🤖 AI Summary
This paper addresses Class-Imbalanced Federated Unsupervised Domain Adaptation (CI-FFDA), where both source and target domains exhibit class imbalance, the target domain lacks labels, and clients suffer from cross-client non-IID data distributions coupled with label shift. We propose a novel framework leveraging frozen large-scale pre-trained vision foundation models (e.g., ViT) as fixed feature extractors. Crucially, we eliminate fine-tuning and complex domain-alignment modules—enabling efficient knowledge transfer without accessing source labels or updating backbone parameters. The method integrates federated learning with unsupervised domain adaptation under strict privacy and communication constraints.
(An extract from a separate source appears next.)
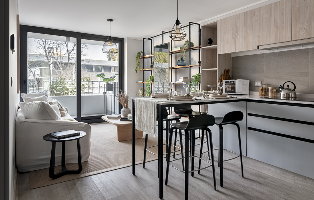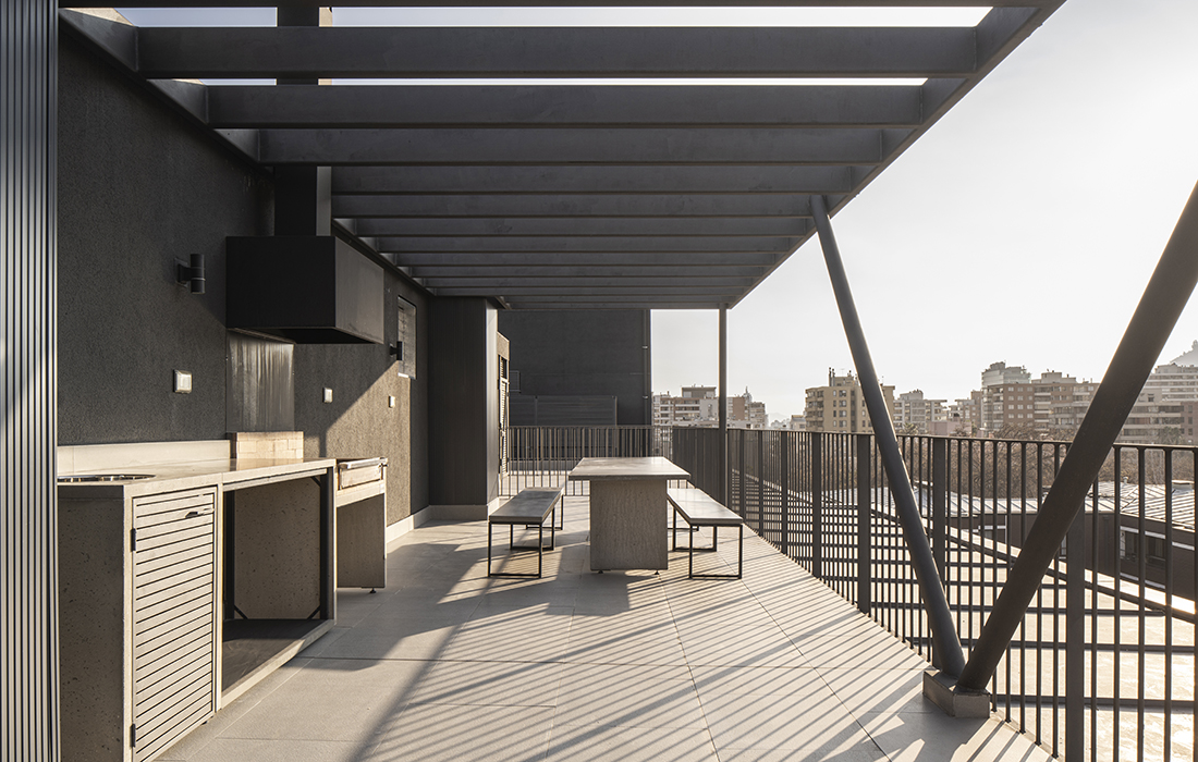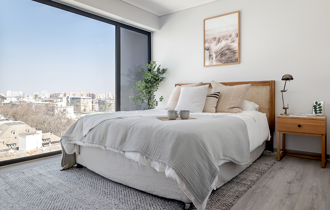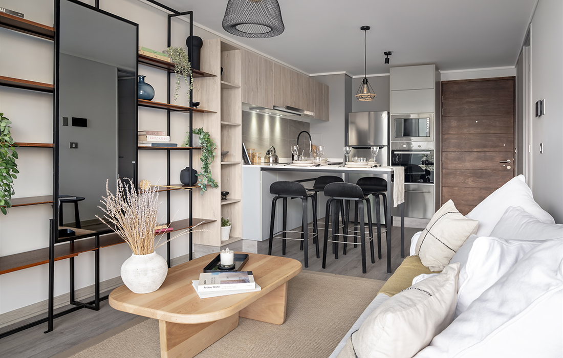 · Piso vinílico en living, dormitorios y cocinas | Porcelanato en baños y terrazas · Full Electric: cocina equipada con encimera vitrocerámica, horno eléctrico, campana, microondas, lavavajillas y termo eléctrico por departamento para ahorro en consumo · Cubierta de cuarzo en cocina para una mayor resistencia · Todos los departamentos cuentan con espacio para lavadora · Ventanas termopanel de PVC · MILLACERO es una tecnología que gestiona de manera eficiente el ahorro de gastos comunes, entregando seguridad a los residentes, con el sistema que incorpora conserje remoto junto con la gestión de encomiendas.

Experiments demonstrate significant mitigation of both inter-domain distribution shift and class imbalance, yielding substantial improvements in overall accuracy. Moreover, the approach exhibits strong generalization and robustness across multiple non-IID target clients. To our knowledge, this is the first work to directly employ frozen vision foundation models for CI-FFDA, markedly reducing communication and computational overhead while maintaining high adaptability.
📝 Abstract
Federated Learning (FL) offers a framework for training models collaboratively while preserving data privacy of each client. Recently, research has focused on Federated Source-Free Domain Adaptation (FFREEDA), a more realistic scenario wherein client-held target domain data remains unlabeled, and the server can access source domain data only during pre-training. We extend this framework to a more complex and realistic setting: Class Imbalanced FFREEDA (CI-FFREEDA), which takes into account class imbalances in both the source and target domains, as well as label shifts between source and target and among target clients. The replication of existing methods in our experimental setup lead us to rethink the focus from enhancing aggregation and domain adaptation methods to improving the feature extractors within the network itself. We propose replacing the FFREEDA backbone with a frozen vision foundation model (VFM), thereby improving overall accuracy without extensive parameter tuning and reducing computational and communication costs in federated learning. Our experimental results demonstrate that VFMs effectively mitigate the effects of domain gaps, class imbalances, and even non-IID-ness among target clients, suggesting that strong feature extractors, not complex adaptation or FL methods, are key to success in the real-world FL.